Is Arbitration Efficient?
What’s the most efficient way of handling a dispute? The answer depends on several factors, including the complexity of the disagreement, the nature of the harm alleged, the amount of discovery allowed, and jurisdictional consideration. The answer is not necessarily arbitration.
To make arbitration work, parties need to be strategic about choosing the rules that govern and control the process as well as how they employ them. Depending on the rules adopted or agreed to and the parties’ respective litigation strategies, arbitration can be every bit as time consuming as litigation in courts, perhaps more so.

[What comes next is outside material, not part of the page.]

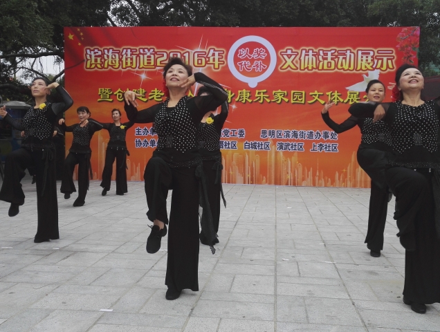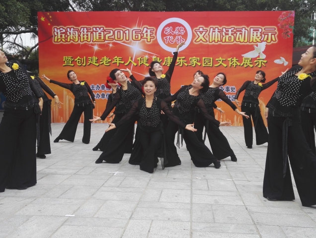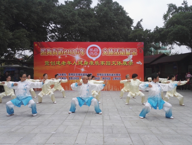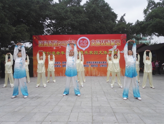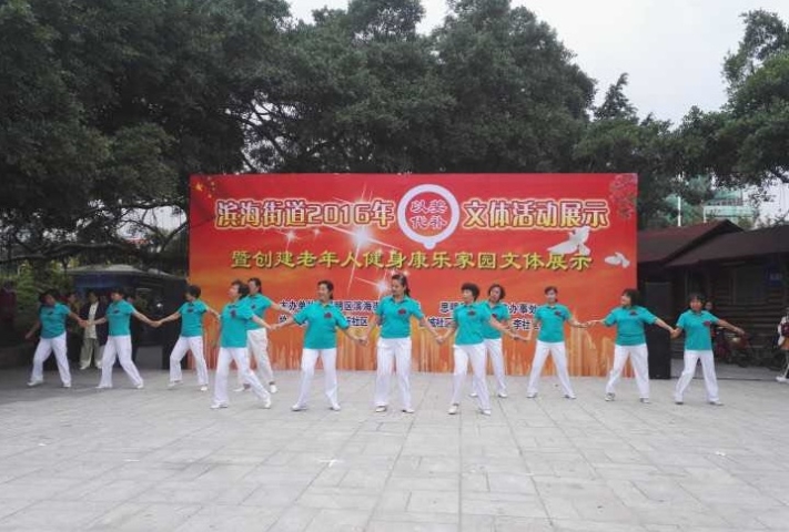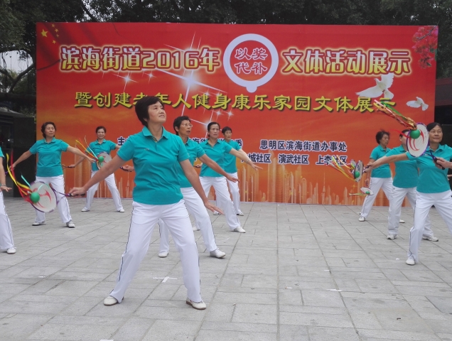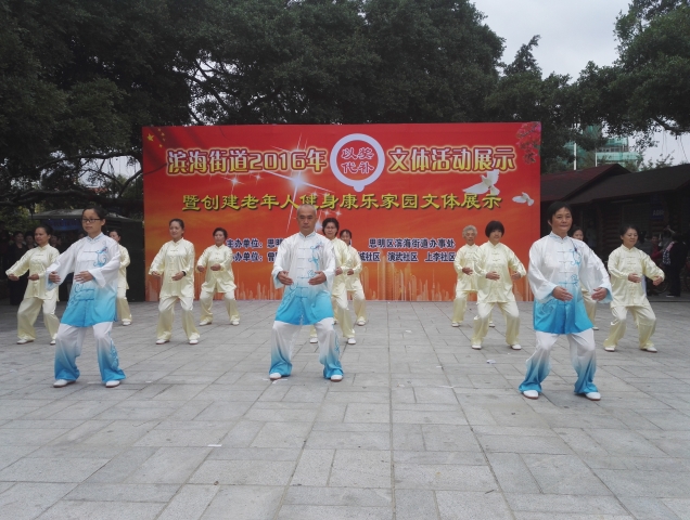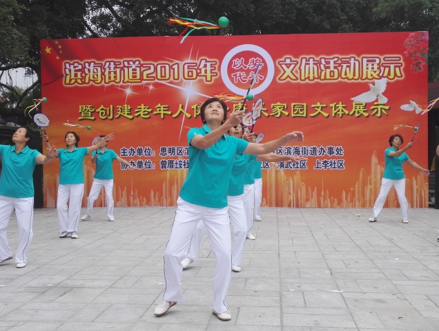 2016年11月24日下午,厦大老体协健身气功队、柔力球队、广场舞队、健美操队4支队伍,分别代表演武社区、白城社区,参加了滨海街道组织举行的“2016文体活动展示暨创建老年人健身康乐家园文体展示”活动。

And unless discovery is materially limited (which may or may not benefit the company, depending on the case), arbitration can be even more expensive. In addition to the costs of the discovery itself, the parties must pay the typically hourly fees of arbitrator—or three of them in many cases—as well as the administrative fee charged by companies like the American Arbitration Association and Judicial Arbitration and Mediation Service.
Is Arbitration Fair?
The results are not always predictable. Although arbitrators of legal disputes are supposed to apply “the law,” they are not subject to the same scrutiny or accountability as the courts. Rather, the law applicable to arbitrations significantly limits the rights of parties to appeal. This can be good or bad—again, depending on the case. One the one hand, companies like it because it reduces the likelihood of long, drawn-out appeals that sap resources while delaying the final outcome. On the other hand, a “wrong” outcome is not easy—and is often not possible—to redress.
As a rule, arbitration awards cannot be appealed simply because one party finds the decision unfair. Other grounds must exist, such as corruption or fraud by the parties, evident partiality or corruption of the arbitrator(s), misbehavior by an arbitrator that results in prejudice to a party, or an arbitrator misuse of power. Absent one of these grounds, a wrong result cannot be corrected as it can with a court case, where the right to appeal is guaranteed. This fact is often underappreciated at the stage of drafting an arbitration clause, before any dispute has arisen.
Nor can the right to appeal be materially expanded through in drafting an arbitration clause. The Federal Arbitration Act sets a “floor” on the due process required in arbitration. Among other things, the ability to appeal an arbitration award for unfairness or other (limited) statutory grounds cannot be waived in a contract. But appeal rights cannot be expanded or defined in a contract, either. The parties are “stuck” with the ability to appeal only in cases where the process itself is corrupted—not where they disagree with the results.